Data extracted from a collection:
>>>>
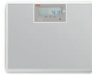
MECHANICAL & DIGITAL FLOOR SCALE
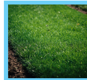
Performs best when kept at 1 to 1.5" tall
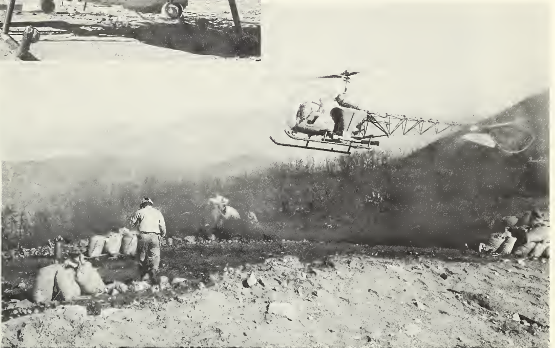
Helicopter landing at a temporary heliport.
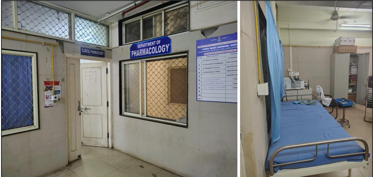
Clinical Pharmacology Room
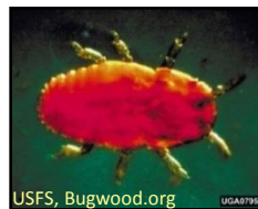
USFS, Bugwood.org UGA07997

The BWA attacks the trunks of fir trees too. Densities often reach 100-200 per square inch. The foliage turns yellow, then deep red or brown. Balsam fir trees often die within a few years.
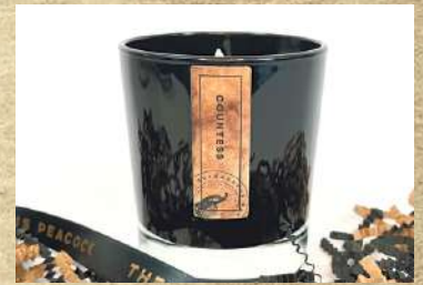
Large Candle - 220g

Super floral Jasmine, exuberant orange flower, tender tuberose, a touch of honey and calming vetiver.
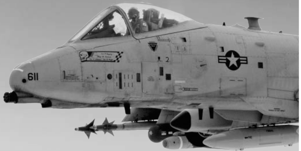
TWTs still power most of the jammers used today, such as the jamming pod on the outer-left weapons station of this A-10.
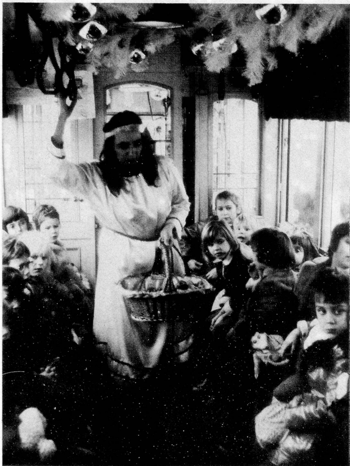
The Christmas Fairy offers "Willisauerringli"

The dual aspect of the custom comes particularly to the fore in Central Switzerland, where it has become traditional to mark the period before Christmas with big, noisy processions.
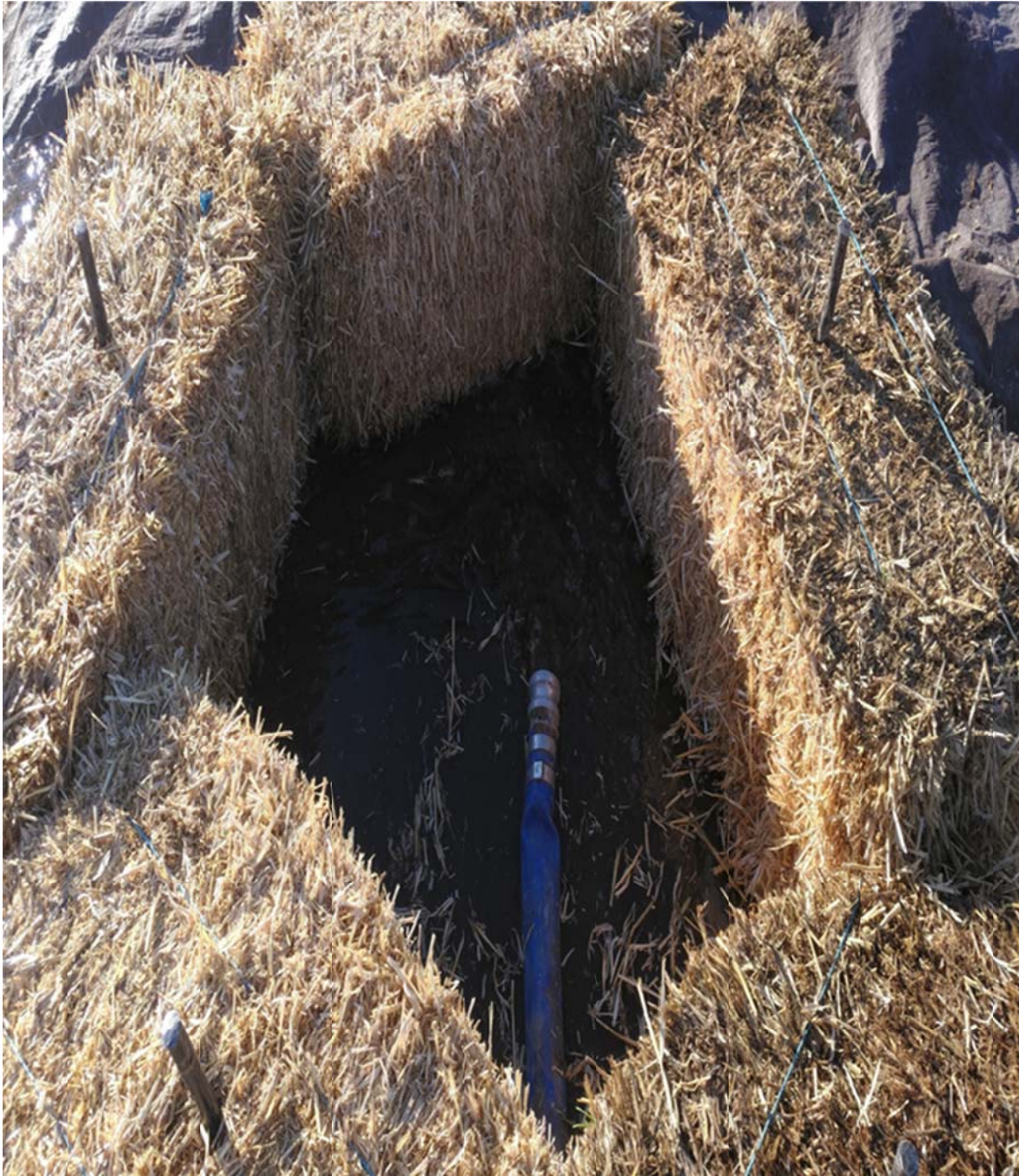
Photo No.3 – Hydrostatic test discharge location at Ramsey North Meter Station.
<<<<
Count up the lines in the entries that hold "Christmas", and respond with that count and no other text.

> **Result for this exercise**:
2